Now if you are Google or Facebook you want 100 Petabytes of storage but instead of paying Netapp $100 million you employee 20 really smart guys to build you something, you put it on cheap hardware and you build exactly what your software will talk to and what it needs.
It costs you $10 million up front but the hardware cost is just $15 million because you use cheaper drives and build (thousands) of your own servers.
Of course this doesn't mean that "Enterprise Storage" isn't going to be the next premium product hit by Open Source type solutions.
I guess it depends how close to bare metal you want to get.

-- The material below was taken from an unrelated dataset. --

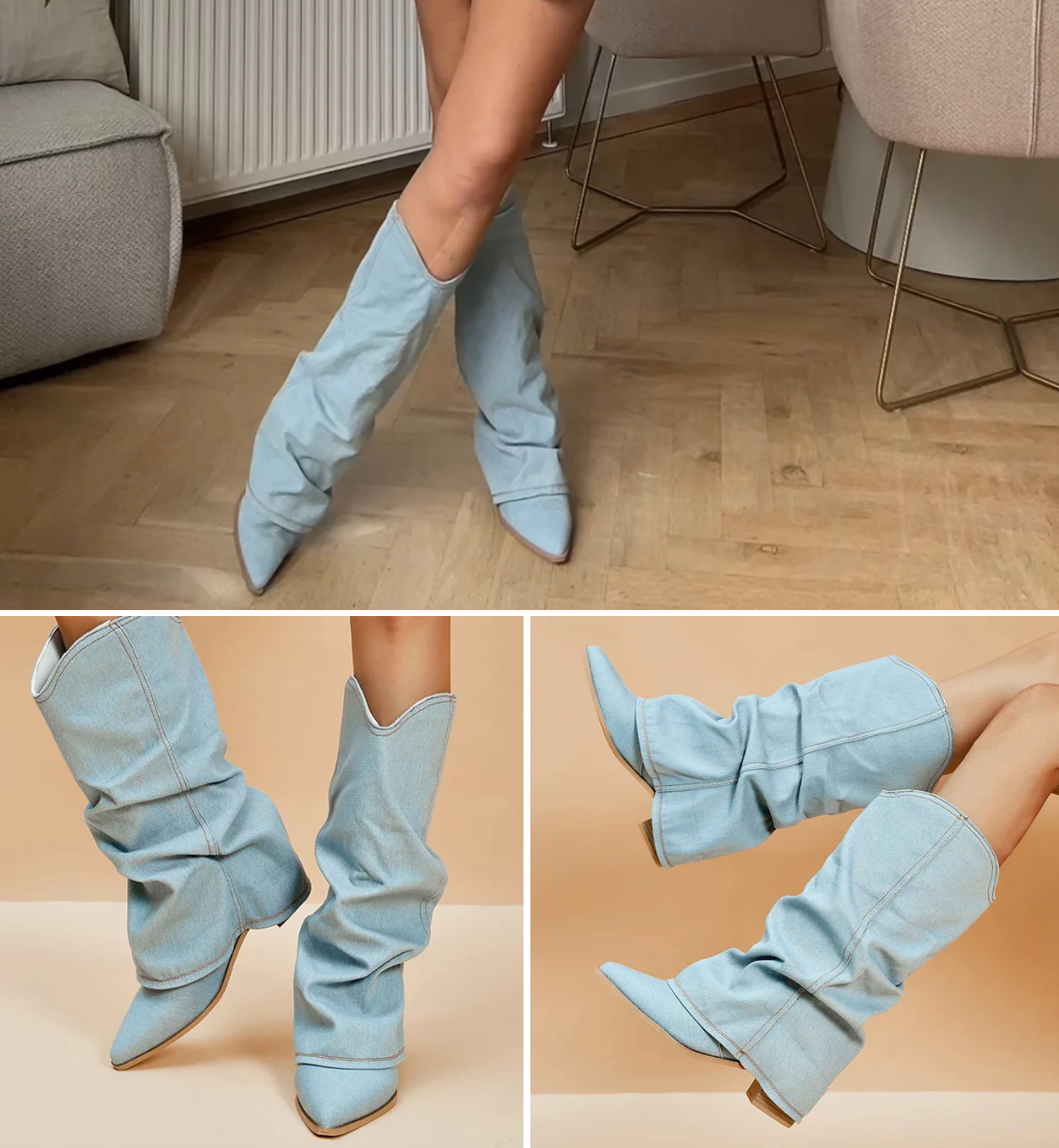 Damen tragen hellblaue Denim-Stiefel mit spitzen Zehen und Faltenoptik. Modetrend, stilvolle Schuhe, lässiger Look, Holzboden, Innenraum.
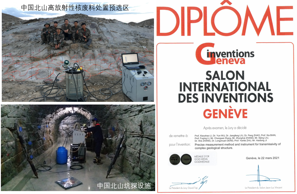 李晓昭老师团队的“复杂地质构造导水特性精细测试方法与装置”通过地质结构面捕获与栓塞(Paker)定位、岩体复杂接触界面密封防漏、压力补偿与伺服控制技术(最大压力10MPa,稳压精度<1KPa)、渗流状态判识与计算校正算法等,从而最终实现了从m级复杂断层构造到μm级单一节理、从极高导水系数到极低导水系数等地质构造或结构内导水特性的精细测试与参数提取,目前已成功用于中国高放废物预选区选址和地下实验室结构面精细识别等领域。

Google/Facebook/AWS (and maybe a Backblaze) have architected their data center setup to not require the functionality that Netapp provides. If you buy a NetAPP and plug it in your netork it is because you cant architect a datacenter from the ground up...
Facebook was a founding member of the Open Datacenter Alliance. They have a cool githup repo and put out interesting whitepapers like:
It is not just cheaper but architected better. They would use Cisco and other enterprisey stuff if it were better but it is a case of "il y a moins bien mais c'est plus cher" as the French Linux motto goes...

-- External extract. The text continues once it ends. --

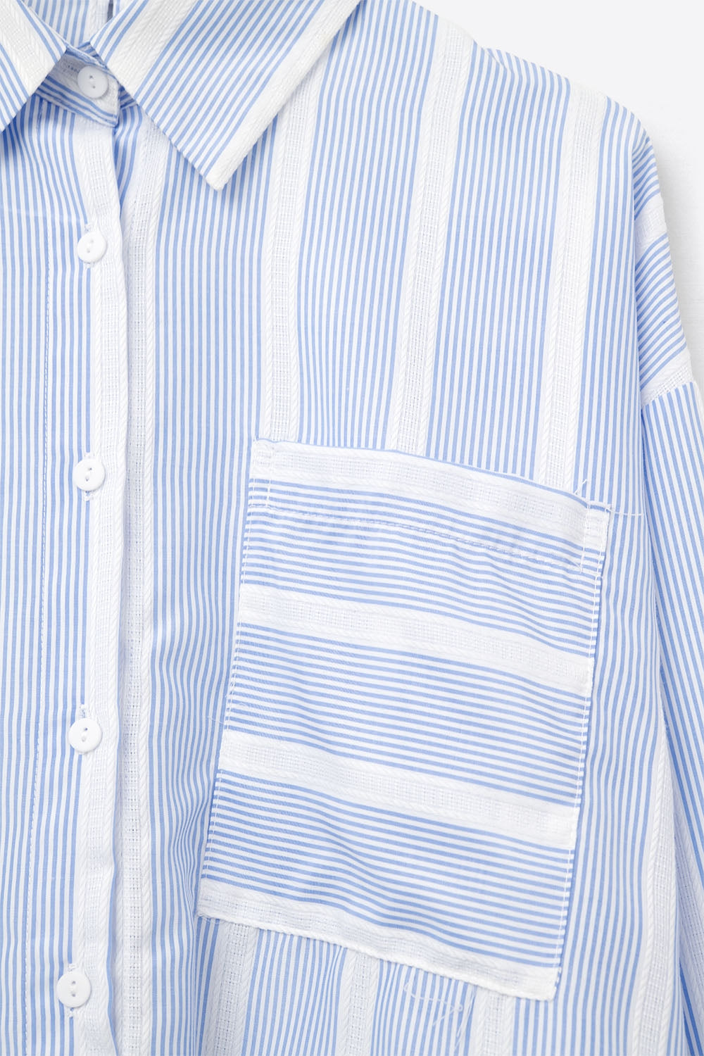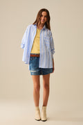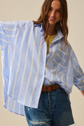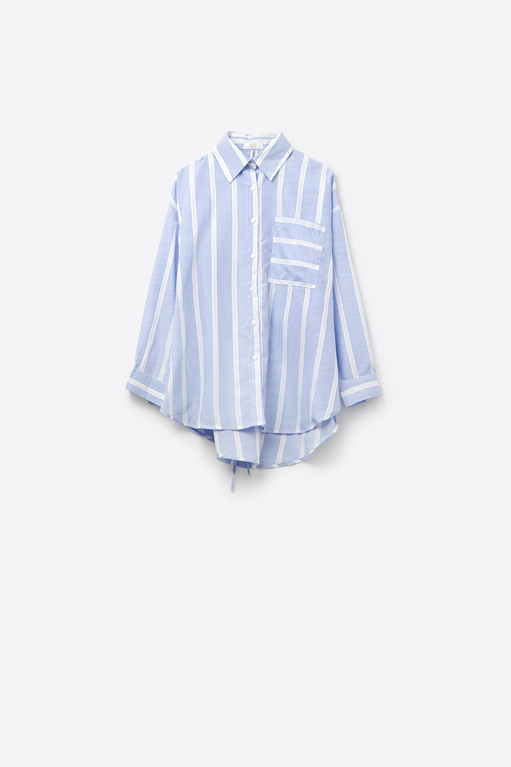 Blue and White Relaxed Fit Striped Shirt Tie at the Back

Which is not to say NetAPP or Cisco is bad - just that you can engineer the datacenter to make it work better without enterprise functionality.
As an object lesson in failure, I had an experience with my first buildout of Hadoop back in 2011. Not so successful because I bought all the wrong components. Raid cards, 10G networking, HP and Bladenetworking rack switches, dual power supplies.
It was hard to unlearn how I was used to setting up servers.
Wow - still a bit painful to remember my first go around with this. What i am about to admit is damning enough to keep me unemployed for the forseeable future so hopefully no hiring managers are reading this...
I was a sysadmin and did the datacenter buildouts for the company. The task was to take the dev setup in Softlayer (on bare metal servers) and reproduce it in our racks.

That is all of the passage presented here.